Logo as Jack FM, 2005-2020

- 2005: 92.9 Jack FM (Adult hits)
  - On May 16, 2005, WBUF flipped to an adult hits format, branded under the Jack FM name. Stern was the only host retained when CBS Radio, then the station's owner, dropped the talk format, as CBS burned off Stern's contract (their slogan even briefly being "Howard in the morning, playing what we want all day"). It was the first format in about 10 years not intended to directly compete with another station in the market. When Stern left terrestrial radio for Sirius Satellite Radio, he was not replaced on WBUF. Jack FM was, by far, the longest-running format in the station's recent history, lasting 15 years, longer than the previous six formats combined. Subsequent owners of WBUF, Regent Communications and Townsquare Media, continued to license the Jack FM format and did not share the same desire to flip the station's format every few years as previous owners CBS Radio and Infinity Broadcasting had done.
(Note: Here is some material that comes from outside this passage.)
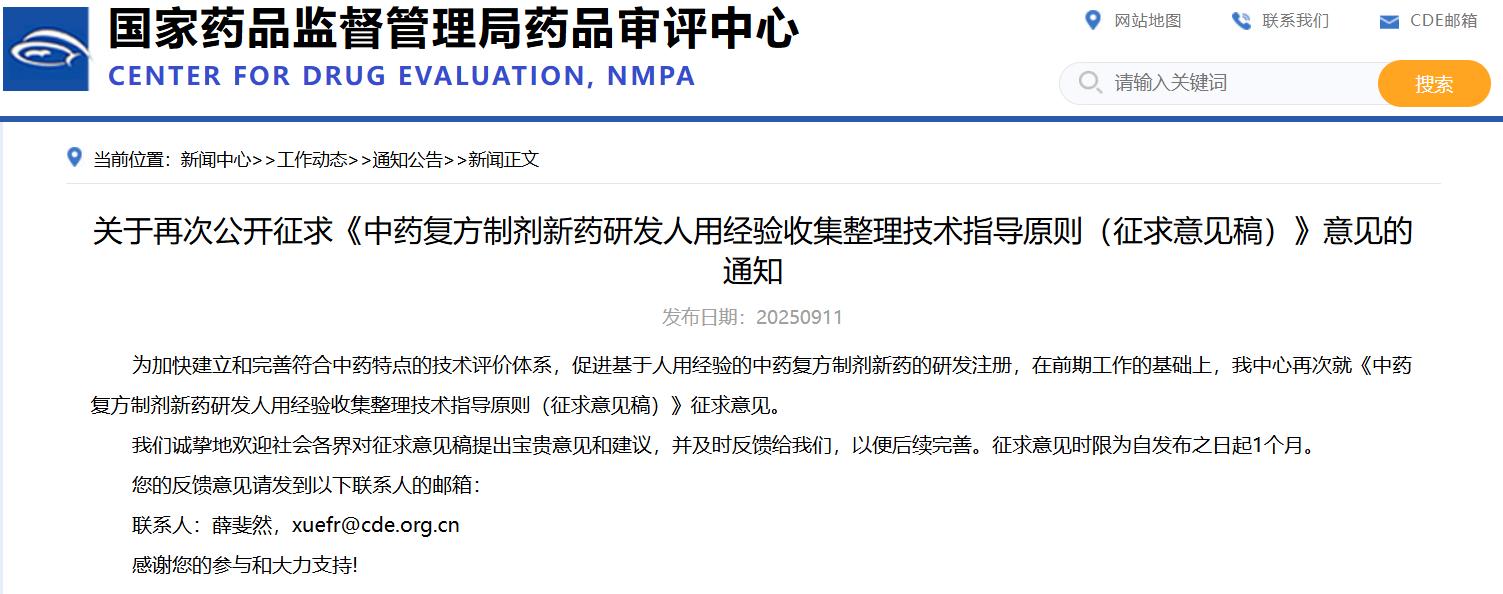 關于再次公開征求《中藥復方制劑新藥研發(fā)人用經(jīng)驗收集整理技術指導原則(征求意見稿)》意見的通知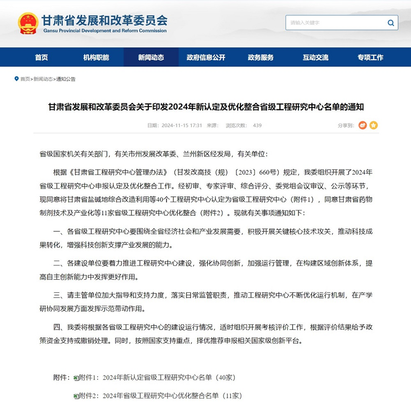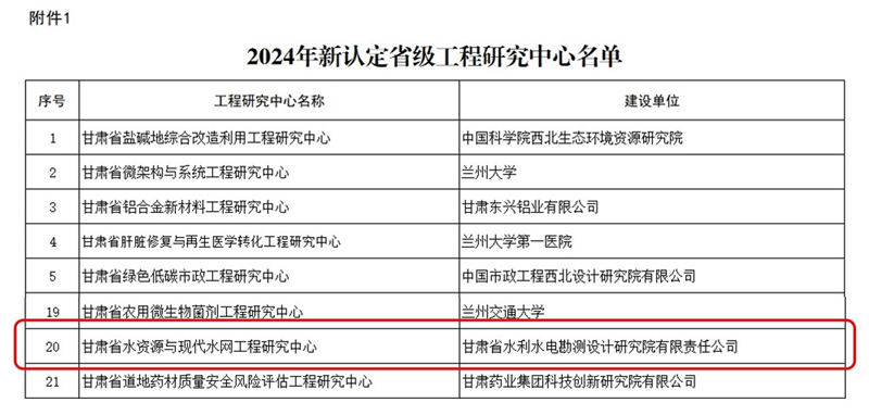 近日,省发展和改革委员会公布《2024年新认定及优化整合省级工程研究中心名单》,省水电设计院申报的“甘肃省水资源与现代水网”成功获批立项“省级工程研究中心”,标志着公司在水利工程科研平台建设方面取得了重大突破。

  - Similar to other Jack FM stations, WBUF had no live disc jockeys, carried no syndicated long-form or short-form programming, and carried no time-sensitive information (such as news, weather or sports), only interrupting its music for commercials, pre-recorded one-line jokes and station identification; this format was followed uniformly, 24 hours a day, 7 days a week. At first, 92.9 was one of the only Jack FM stations which didn't use Howard Cogan as the voice of Jack, due to its proximity to Toronto's CJAQ-FM, which identified itself as 92.5 Jack-FM. Using Cogan would have most likely caused confusion with listeners due to the fact the two stations are so close on the FM dial. Until mid-April 2009, WBUF used voice talent Brad Davidorf, best known for his voice work on TBS. At that point, WBUF began using Howard Cogan as its imaging voice. Within two months of Cogan's employment on WBUF, CJAQ-FM dropped the Jack format and went back to the Top 40/CHR format known as "Kiss-FM" that Jack-FM replaced six years earlier.
- 2020: 92.9 WBUF, Everything That Rocks (Mainstream rock/Classic rock)
  - On November 25, 2020 at noon, after briefly stunting with a loop of Christmas music (which ended with "I Saw Mommy Kissing Santa Claus" by John Cougar Mellencamp), WBUF flipped back to a mainstream rock format, branding once more as "92.9 WBUF, Everything That Rocks" and returning to the broad-based rock format the station had featured from 2001 to 2004. The first song under the rock format was "For Those About to Rock (We Salute You)" by AC/DC. The station added the nationally syndicated The Free Beer and Hot Wings Show a few months after launch.
- 2022: 92.9 WBUF, Buffalo's Real Rock (Active rock)
  - From 2020 to 2022, WBUF's playlist leaned toward a classic rock presentation billed as "Everything that Rocks", initially hoping to take advantage of on-air turmoil in the market's heritage classic rock station WGRF. When this was unsuccessful, on June 10, 2022, WBUF shifted its format from mainstream rock to active rock, branded as "92.9 WBUF, Buffalo's Real Rock". The station's airstaff (other than one day part) and presentation did not otherwise change. There had been no major active rock station in Buffalo since WEDG shifted to alternative (itself prompted when previous alternative station WLKK, another station in Buffalo notorious for its frequent format changes, changed format to country music).